▶ **Data shown**:

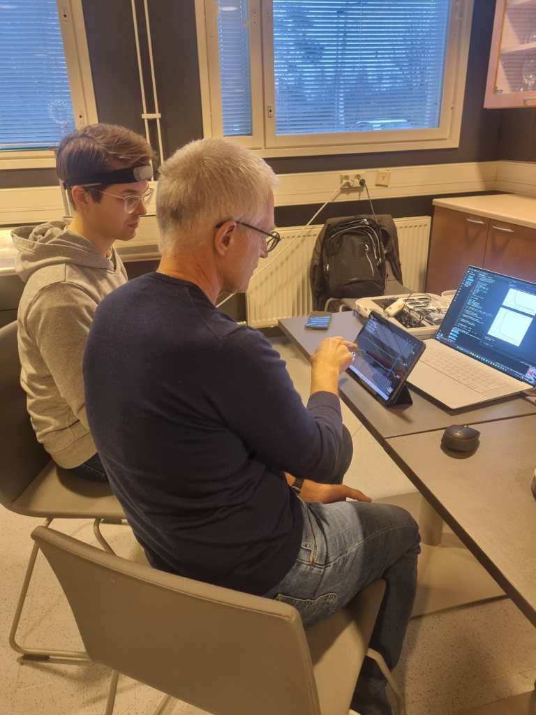 Kuvassa Rakastajat-teatterista Henri Välikangas ja EHEÄ-hankkeen Tarmo Lipping mittamassa aivosähkökäyrää – miten kulttuurihyvinvointia voidaan mitata objektiivisesti?
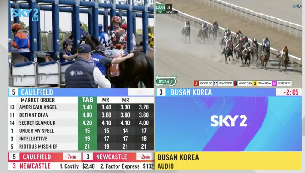 As it turned out, that was just the start of the day, because a world-first occurred when Race 5 at Caulfield took so long to load that Sky Racing did the unthinkable and sent The Heath meeting to Sky 2 (In favour of Newcastle running 2 minutes late), where it was then split-screened with the Korean races in Busan:
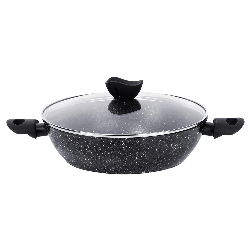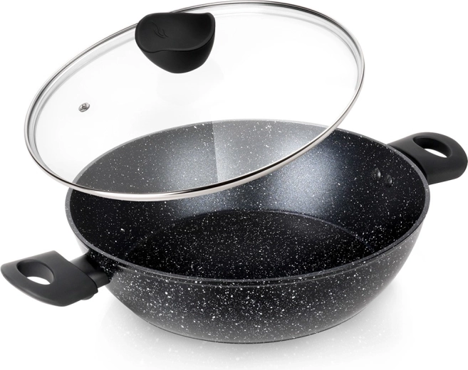 Poêle profonde pratique et résistante avec couvercle en verre, diamètre 28 cm et capacité 3,5 l, pour la cuisson, la friture et le mijotage au quotidien. Grâce au revêtement granit antiadhésif, vous cuisinez avec un minimum de matière grasse, la répartition uniforme de la chaleur économise de l’énergie et le fond universel compatible avec tous les types de plaques, y compris l’induction garantit une large utilisation. Les poignées Soft Touch sont confortables et résistantes à la chaleur, l’ustensile est compatible lave-vaisselle.
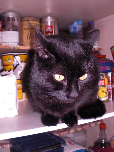 Korthåret sort hankatt. Litt folkesky, men veldig snill og kosete.
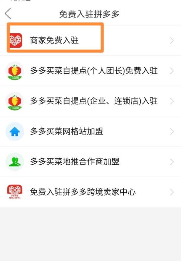 步骤2、点击免费入驻拼多多。
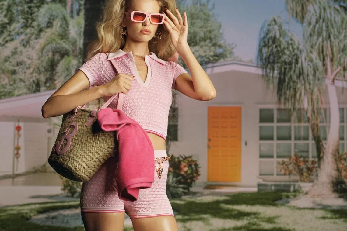 Vibrant hues of pink clash with trendy Y2K elements and bold details including rhinestone embellishments, charms, bejewelled “B”s and Barbie logos.

▶ **Task prompt**:
From the material above, print everything exactly except the pictures.

▶ **Reply to the task**:
 Kuvassa Rakastajat-teatterista Henri Välikangas ja EHEÄ-hankkeen Tarmo Lipping mittamassa aivosähkökäyrää – miten kulttuurihyvinvointia voidaan mitata objektiivisesti?
 As it turned out, that was just the start of the day, because a world-first occurred when Race 5 at Caulfield took so long to load that Sky Racing did the unthinkable and sent The Heath meeting to Sky 2 (In favour of Newcastle running 2 minutes late), where it was then split-screened with the Korean races in Busan:
 Poêle profonde pratique et résistante avec couvercle en verre, diamètre 28 cm et capacité 3,5 l, pour la cuisson, la friture et le mijotage au quotidien. Grâce au revêtement granit antiadhésif, vous cuisinez avec un minimum de matière grasse, la répartition uniforme de la chaleur économise de l’énergie et le fond universel compatible avec tous les types de plaques, y compris l’induction garantit une large utilisation. Les poignées Soft Touch sont confortables et résistantes à la chaleur, l’ustensile est compatible lave-vaisselle.
 Korthåret sort hankatt. Litt folkesky, men veldig snill og kosete.
 步骤2、点击免费入驻拼多多。
 Vibrant hues of pink clash with trendy Y2K elements and bold details including rhinestone embellishments, charms, bejewelled “B”s and Barbie logos.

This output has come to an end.